Sermyagins Family.
Семейный сайт — все что нам интересно в прошлом, настоящем и будущем
СЕРМЯГА. книга I. часть 3.
ПРОДОЛЖЕНИЕ.
В дополнение к сказанному ранее приведем небольшой словарь крестьянских терминов, большинство из которых уже давно вышли из употребления и позабылись.
Конопля — волокнистое растение, у которого пыльниковые (мужские) стебли называются посконь, а женские с семенем — моченец, пенька.
Сноп (снопик) — охапка стеблей, связанных свяслом — соломенным жгутом (пословица: «У нее коса — сноп снопом, косища — со снопище»).
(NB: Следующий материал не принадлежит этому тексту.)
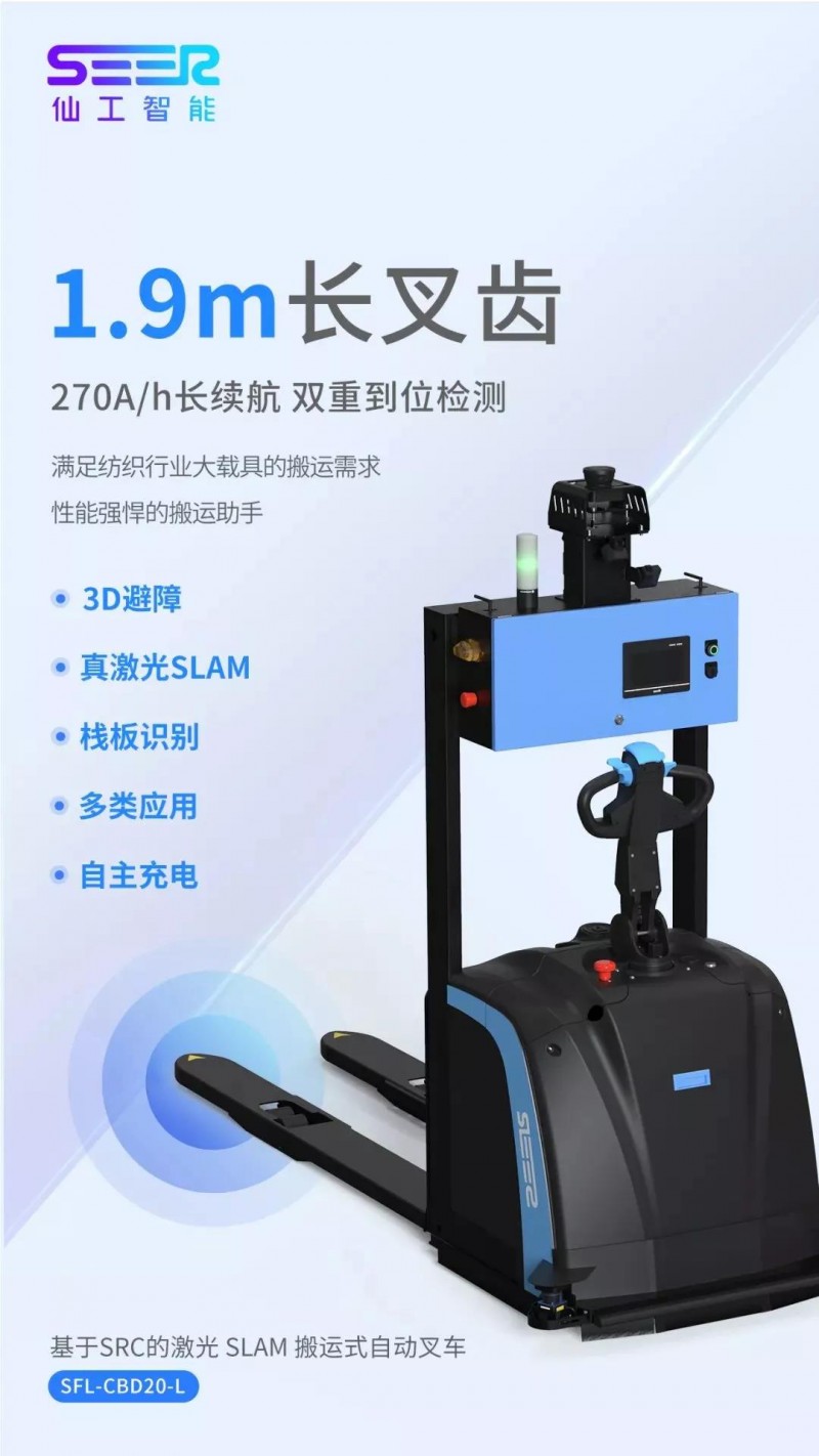 在SFL-CBD20-S的基礎上,仙工智能升級打造了一款紡織行業(yè)專用大載具激光SLAM自動叉車——SFL-CBD20-L,該款產(chǎn)品具有長叉齒、長續(xù)航的特性,加配雙重到位開關,能夠輕松解決紡織行業(yè)物料車裝載不規(guī)則的搬運難題,一次性滿足大載具搬運需求。

Мялка (мялица) — агрегат, которым мнут лен, коноплю, посконь, очищая их от кострики.
Кострика (костра) — жесткая часть стебля волокнистых растений (льна, конопли и т.п.), которую мнут на мялке, мельчат, вытрепывают и вычесывают.
Самопряха (прялка) — ручная машина для пряденья.
Стан ткацкий — устройство для ткачества в домашних условиях.
Щелок — отвар золы, настой кипятка на золе.
Портки — грубые мужские штаны или подштанники.
Сучить — скручивать из двух-трех нитей одну при помощи веретена или самопряхи.
Затон — длинный мелкий речной залив, отделенный косой от русла реки.
Кудель (куделя) — вычесанный и перевязанный пучок льна, поскони, пеньки, подготовлен ный для пряжи.
Оборы — длинные бечевки у лаптей, которыми крест-накрест обвивают ногу до колена (частушка: «Как цыганочку плясать надо с приговорами, новы лапти обувать с длинными оборами»; пословица: «Ленивый обувается, до обеда оборы мотает»).
Вожжи — веревка, пристегиваемая к удилам за-пряженной лошади для управления ею.
Тяжи — веревки, натянутые от верхнего конца оглобли к оси переднего колеса телеги для выравнивания ее хода.
Торпище — полог из грубой пеньковой или посконной пряжи для сушки зерна, для подстилки под зерно на телеге или для покрытия его (местное присловие: «Кума!» — «Що?» — «Дай торпищо». — «Тебе на що?» — «Да посушить кой-що»).
Очесы — сорные остатки от чески льна, поскони, пеньки.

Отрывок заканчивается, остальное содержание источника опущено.